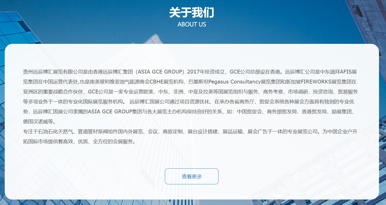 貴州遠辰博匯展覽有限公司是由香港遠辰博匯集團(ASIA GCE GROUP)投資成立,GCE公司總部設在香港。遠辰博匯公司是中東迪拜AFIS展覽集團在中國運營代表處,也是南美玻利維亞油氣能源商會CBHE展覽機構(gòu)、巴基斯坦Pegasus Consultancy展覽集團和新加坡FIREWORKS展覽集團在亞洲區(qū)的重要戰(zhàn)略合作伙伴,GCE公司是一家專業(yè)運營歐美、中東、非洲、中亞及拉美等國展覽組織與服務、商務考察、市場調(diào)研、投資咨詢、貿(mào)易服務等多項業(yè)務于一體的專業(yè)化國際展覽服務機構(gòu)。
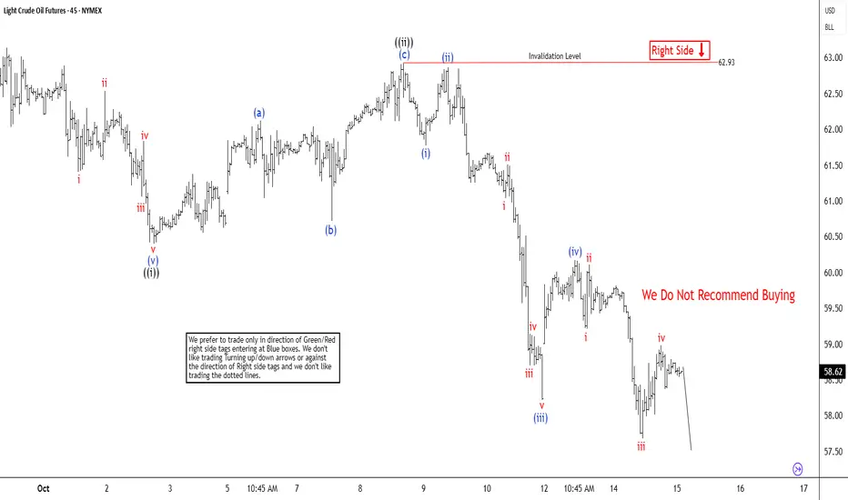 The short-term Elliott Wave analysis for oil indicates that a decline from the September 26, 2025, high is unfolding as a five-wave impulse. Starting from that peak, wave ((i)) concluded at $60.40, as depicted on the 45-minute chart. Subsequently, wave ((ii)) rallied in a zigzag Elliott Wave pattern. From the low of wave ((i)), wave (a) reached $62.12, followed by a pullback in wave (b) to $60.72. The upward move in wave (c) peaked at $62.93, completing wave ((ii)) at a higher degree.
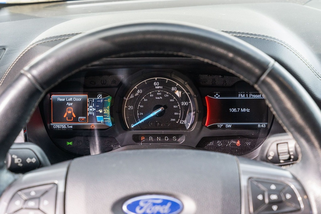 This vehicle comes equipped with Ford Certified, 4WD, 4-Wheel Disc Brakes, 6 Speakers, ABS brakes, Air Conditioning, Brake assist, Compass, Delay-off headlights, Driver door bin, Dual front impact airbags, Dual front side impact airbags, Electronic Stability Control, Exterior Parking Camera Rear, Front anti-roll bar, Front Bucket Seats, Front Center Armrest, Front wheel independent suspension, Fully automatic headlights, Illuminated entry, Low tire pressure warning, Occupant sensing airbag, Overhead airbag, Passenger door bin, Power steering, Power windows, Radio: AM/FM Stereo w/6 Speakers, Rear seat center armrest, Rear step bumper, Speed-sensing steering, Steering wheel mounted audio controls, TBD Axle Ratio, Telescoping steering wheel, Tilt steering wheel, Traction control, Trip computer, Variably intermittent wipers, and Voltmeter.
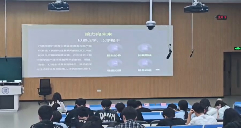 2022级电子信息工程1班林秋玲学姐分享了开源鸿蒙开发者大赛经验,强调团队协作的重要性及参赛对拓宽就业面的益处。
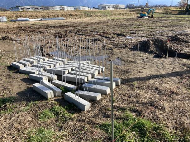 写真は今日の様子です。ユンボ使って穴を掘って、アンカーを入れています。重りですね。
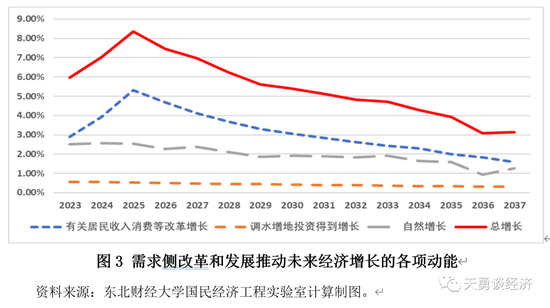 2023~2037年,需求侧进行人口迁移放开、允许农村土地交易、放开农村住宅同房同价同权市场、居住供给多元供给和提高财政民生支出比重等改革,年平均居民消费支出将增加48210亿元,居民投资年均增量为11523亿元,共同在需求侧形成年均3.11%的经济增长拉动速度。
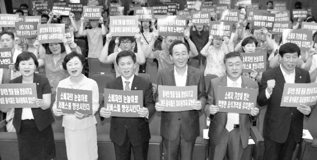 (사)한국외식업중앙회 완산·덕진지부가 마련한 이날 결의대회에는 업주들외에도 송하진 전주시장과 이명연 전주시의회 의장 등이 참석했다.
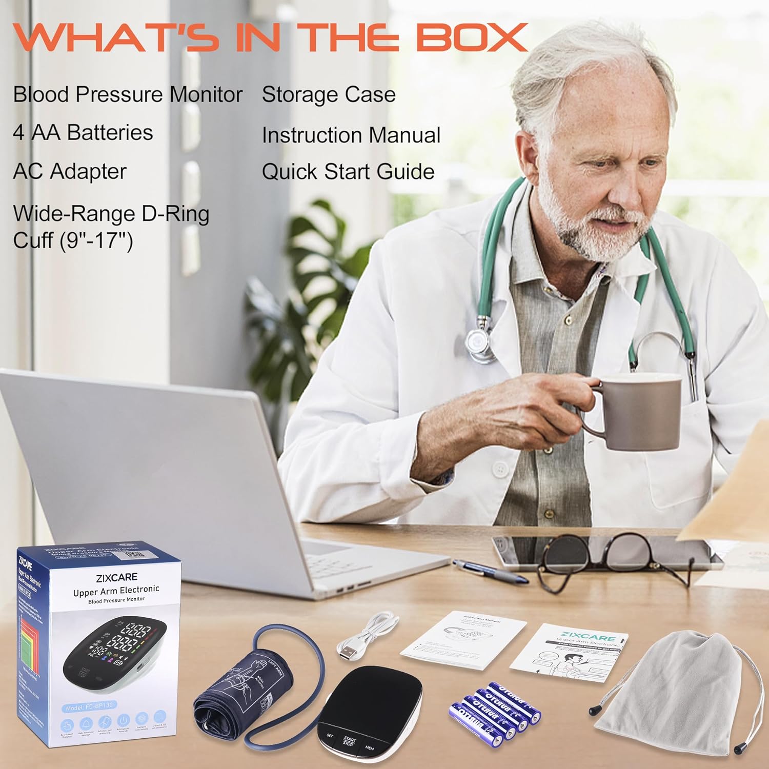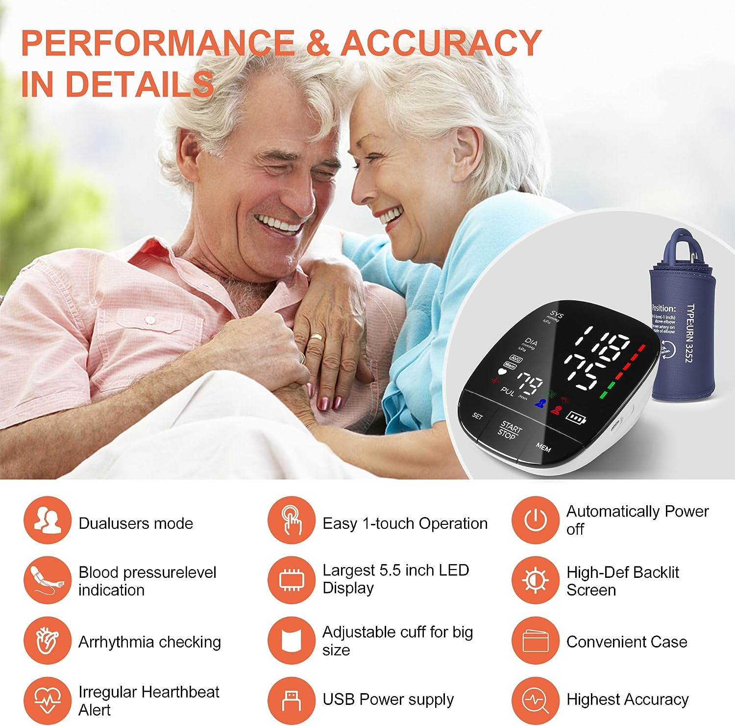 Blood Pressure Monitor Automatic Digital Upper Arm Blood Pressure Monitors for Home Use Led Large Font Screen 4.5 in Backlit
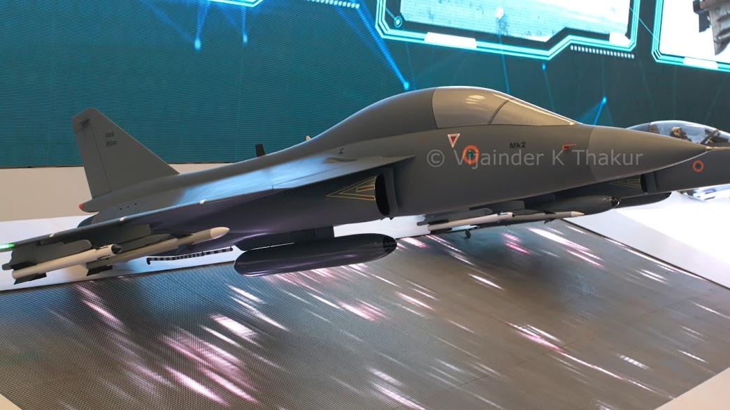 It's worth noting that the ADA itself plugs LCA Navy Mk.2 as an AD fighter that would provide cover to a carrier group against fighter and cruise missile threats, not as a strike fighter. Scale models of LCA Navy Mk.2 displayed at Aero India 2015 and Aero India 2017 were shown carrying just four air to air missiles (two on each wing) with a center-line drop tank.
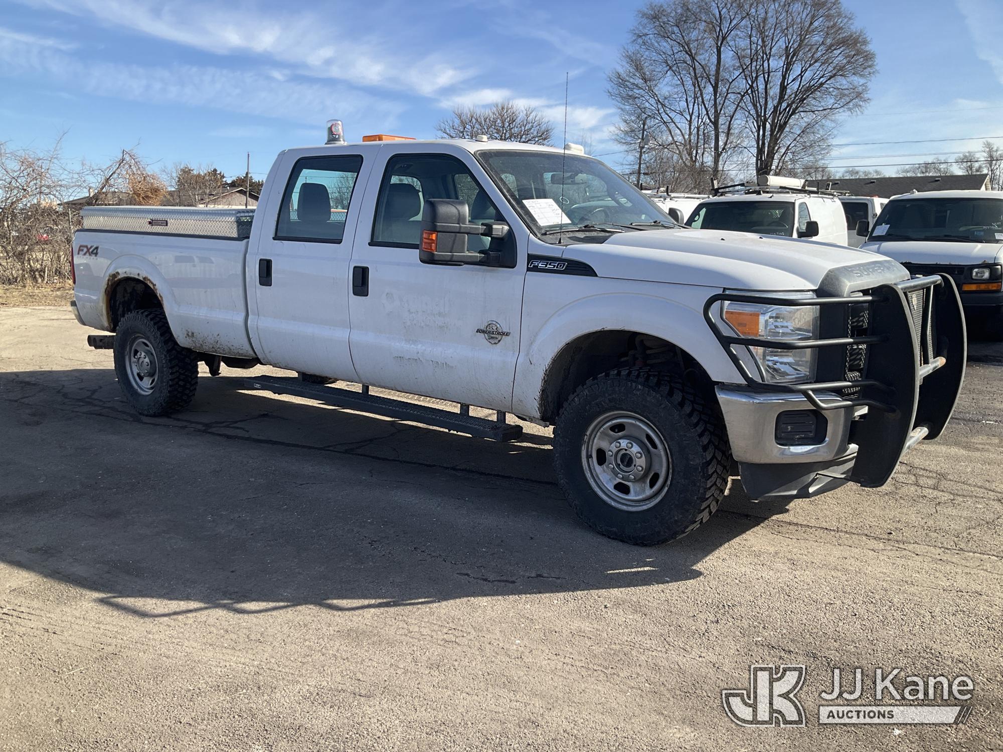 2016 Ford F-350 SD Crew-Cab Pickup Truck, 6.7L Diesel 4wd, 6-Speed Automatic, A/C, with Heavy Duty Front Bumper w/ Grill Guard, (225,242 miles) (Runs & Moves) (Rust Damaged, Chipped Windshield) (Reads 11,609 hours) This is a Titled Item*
========
**Task statement:** Reproduce the listing above only between the lines holding "(사)한국외식업중앙회 완산·덕진지부가 마련한" and "Blood Pressure Monitor Automatic", inclusive. Every line must match exactly, and pictures are dropped.

**The answer:**
 (사)한국외식업중앙회 완산·덕진지부가 마련한 이날 결의대회에는 업주들외에도 송하진 전주시장과 이명연 전주시의회 의장 등이 참석했다.
 Blood Pressure Monitor Automatic Digital Upper Arm Blood Pressure Monitors for Home Use Led Large Font Screen 4.5 in Backlit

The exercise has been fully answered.